Les dirigeants successifs du PLR sont tous de brillants stratèges, paraît-il. Visiblement, ils ne sont pas jugés sur leurs résultats.

18 octobre 2013

Haro sur la famille!

Nous approchons petit à petit du 24 novembre où se jouera le sort d'un certain nombre d'objets fédéraux d'importance, parmi lesquels l'initiative pour les familles de l'UDC.

Le sens de l'initiative est extrêmement simple: que cessent les discriminations fiscales selon le mode de garde que les familles choisissent pour leurs enfants. Que les familles qui choisissent elles-mêmes de s'occuper de leurs enfants bénéficient des mêmes avantages fiscaux que celles qui les confient à des tiers. Les déductions fiscales seraient donc liées à la présence de l'enfant et non à son mode de garde.

votation du 14 novembre 2013,prise de positionOn comprend mal la hargne des adversaires du texte.

Entendons-nous bien: le débat est souhaitable. Il est même indispensable pour permettre aux citoyens de décider en leur âme et conscience, de peser le pour et le contre, de mettre en avant les défauts oubliés par chaque camp. Pourtant, sur cette initiative toute simple, les bornes ont été dépassées dans les grandes largeurs pour rentrer dans le terrain fangeux du mensonge.

Par l'intermédiaire de ses contributeurs, le site LesObservateurs.ch tient une comptabilité involontaire, mais effarante, du barrage de contre-vérités tiré par les médias pour nuire à l'initiative. Il y a bien entendu les passages obligés comme le pseudo-débat sur Infrarouge (émission dont le nom illustre finalement assez bien la couleur politique) la propagande du gouvernement ou les articles orientés, mais aussi d'autres plus sournois comme la manipulation des chiffres autour de prétendues pertes fiscales et les accusations sexistes ou même... l'encouragement de l'immigration. Il ne manque que le réchauffement climatique mais on trouvera certainement un lien d'ici le 24 novembre!

Je ne crois pas qu'il s'agisse d'un débat sain, et je pense qu'il est sali délibérément par des arguments fallacieux pour deux raisons: d'une part, les adversaires du texte pensent qu'il ne peuvent pas l'emporter à la régulière, et d'autre part, les perspectives ouvertes par l'initiative les terrifient.

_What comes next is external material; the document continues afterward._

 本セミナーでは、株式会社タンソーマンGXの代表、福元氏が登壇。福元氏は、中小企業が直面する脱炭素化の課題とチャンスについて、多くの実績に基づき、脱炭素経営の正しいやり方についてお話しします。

Mais qu'y a-t-il de terrifiant à avoir le libre choix de la garde d'un enfant?

A priori, pas grand-chose. L'initiative valorise le métier de parent en le reconnaissant fiscalement. Elle simplifie la bureaucratie et lève les ambiguïtés sur le rôle semi-professionnel de tiers impliqués dans la garde (oncle et tantes, grand-parents, amis dans un groupe de garde alternée...) Elle rend la liberté de choix aux familles. Et ce faisant, elle fait reculer l’immixtion de l'Etat dans la cellule familiale. Voilà le crime impardonnable.

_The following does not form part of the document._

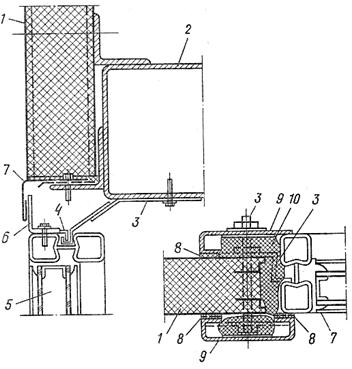 1 – стеновая панель; 2 – ригель; 3 – крепежный элемент; 4 – планка на переплете; 5 – окно; 6 – уголок; 7 – слив; 8 – уплотнитель; 9 – нащельник; 10 - утеплитель Рис. 1. Сопряжение стальных переплетов со стенами Алюминиевые переплеты имеют теплотехнические характеристики практически не отличающиеся от характеристик аналогичных окон со стальными переплетами. Алюминиевые окна предназначены для зданий с сухим и нормальным температурно-влажностным режимом при отсутствии агрессивных сред. Унифицированные конструкции алюминиевых окон изготавливают с одинарным остеклением, с двойным остеклением стеклопакетами в одинарном переплете с термокладышем, двойным и тройным остеклением (стеклопакеты и стекло) в раздельных переплетах. Максимальная высота оконных проемов с алюминиевыми переплетами не должна превышать 7,2 м. Окна крепят к ригелям. Вес окон и ветровая нагрузка воспринимается ригелями и цокольными панелями. Окна состоят из алюминиевой коробки и створок, изготавливаемых из алюминиевых профилей. Стекла и стеклопакеты устанавливают в переплетах на опорные фиксирующие прокладки. Остекление закрепляют алюминиевыми профильными штапиками-защелками через резиновые профили (рис. 2).

La garde d'enfant subventionnée est une industrie ; une industrie gérée par l'Etat, c'est-à-dire ubuesque, inefficace et coûteuse. Dans ce milieu, tout est réglementé, des calories des repas à la surface au sol. Face aux diplômes décernés par des écoles spécialisées à des éducatrices sans enfants, les postulants qui auraient élevé eux-mêmes quelques bambins ne se voient offrir aucune forme d'équivalence professionnelle. Et bien entendu, qui dit crèche dit déficit à éponger.

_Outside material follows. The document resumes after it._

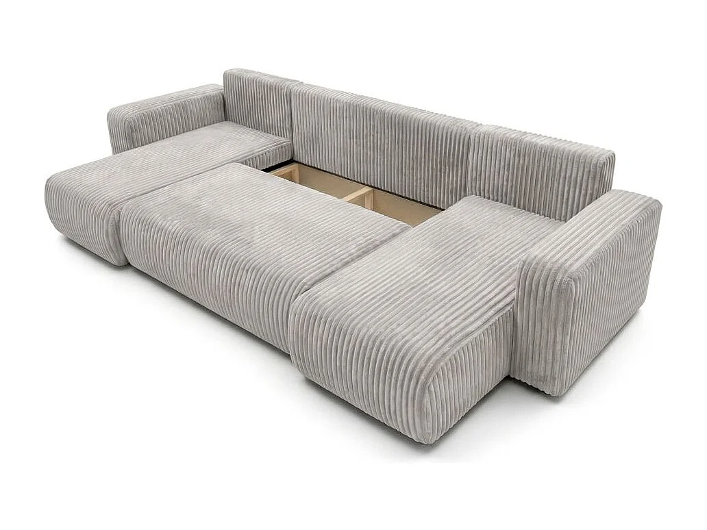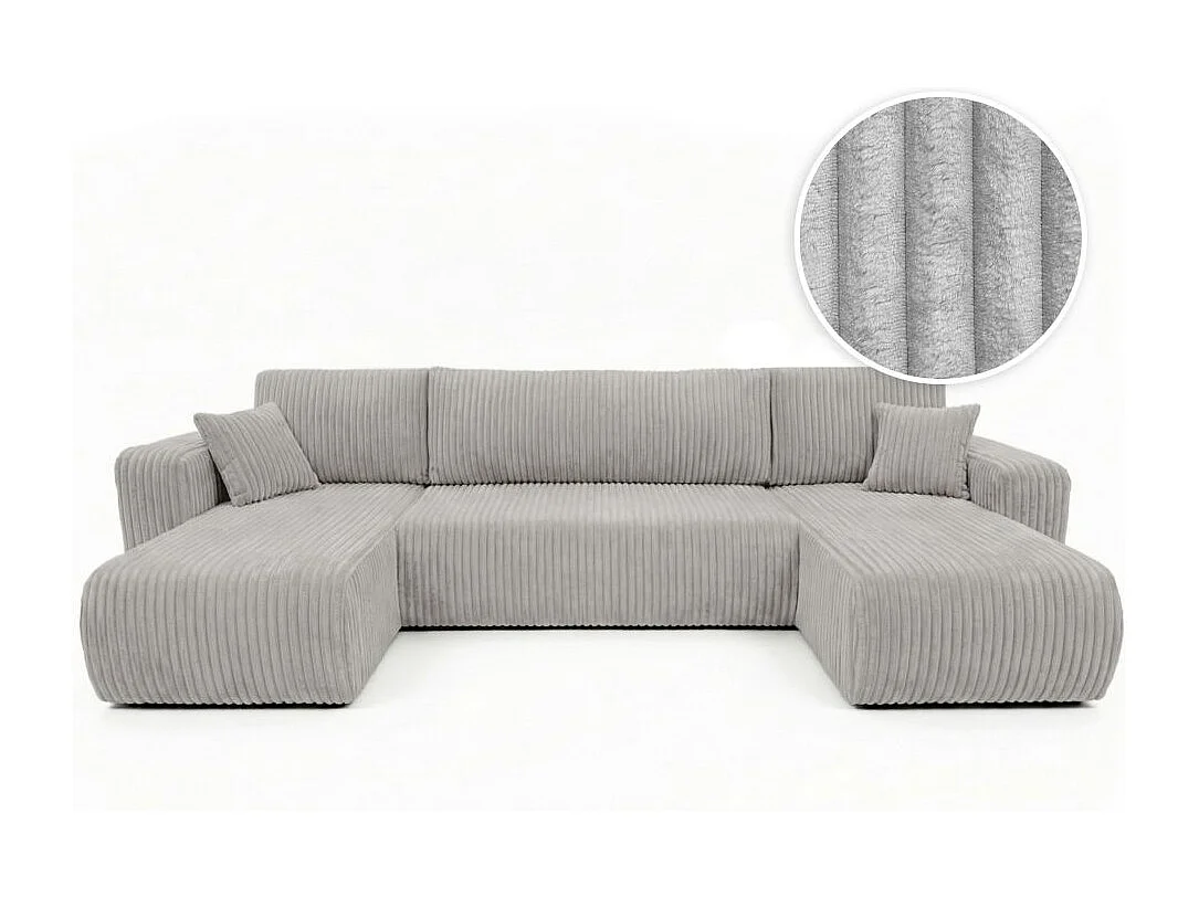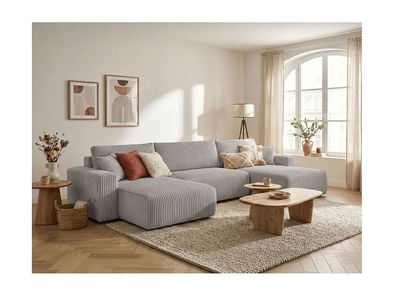 Canapé panoramique convertible 6p ALYA velours cotelé épais Gris clair

Devant toute cette mécanique - et tous ceux qui en vivent - l'idée de laisser les familles choisir sans les pousser dans les rouages du "service public" s'apparente à une hérésie. Ils en ont peur, parce que c'est un duel dont ils ne sont pas sûrs de sortir vainqueurs.

Beaucoup de gens ont leurs raisons de s'opposer au texte: les socialistes, parce que le culte de l'Etat pourrait en pâtir ; les idéologues, parce que l'initiative vient de l'abominable UDC ; les féministes, parce que l'idée que les femmes puissent choisir et décident délibérément de s'occuper de leurs enfants les fait hurler ; les ingénieurs sociaux, parce qu'à leurs yeux la seule éducation valable est celle distillée par l'administration ; les membres du PLR, parce qu'une fois de plus le sujet révèle leurs dissensions internes et laissera des traces.

Mais au bout du compte, beaucoup de ces gens sont aussi des parents. L'expérience vécue, les compromis avec le temps partiel, la difficulté à trouver des solutions de garde et les tarifs de crèche ont vite fait d'emporter l'adhésion.

Aujourd'hui, on apprend par la RTS que l'initiative est en bonne voie à quelques semaines de la votation:

sondage_famille.png

Il ne faut pas vendre la peau de l'ours, mais le succès paraît possible. Seul bémol, le sondage va provoquer une intensification de la propagande... La dernière ligne droite va être pénible.

16 octobre 2013

Vent mauvais sur l'UMPS

Pauvres stratèges du PS et de l'UMP! La vague Marine Le Pen déferle sur l'Hexagone et les digues tombent les unes après les autres. Dernière en date: la popularité. Marine Le Pen obtient 42% d'opinions favorables dans un sondage, soit sept points de plus que le président en exercice.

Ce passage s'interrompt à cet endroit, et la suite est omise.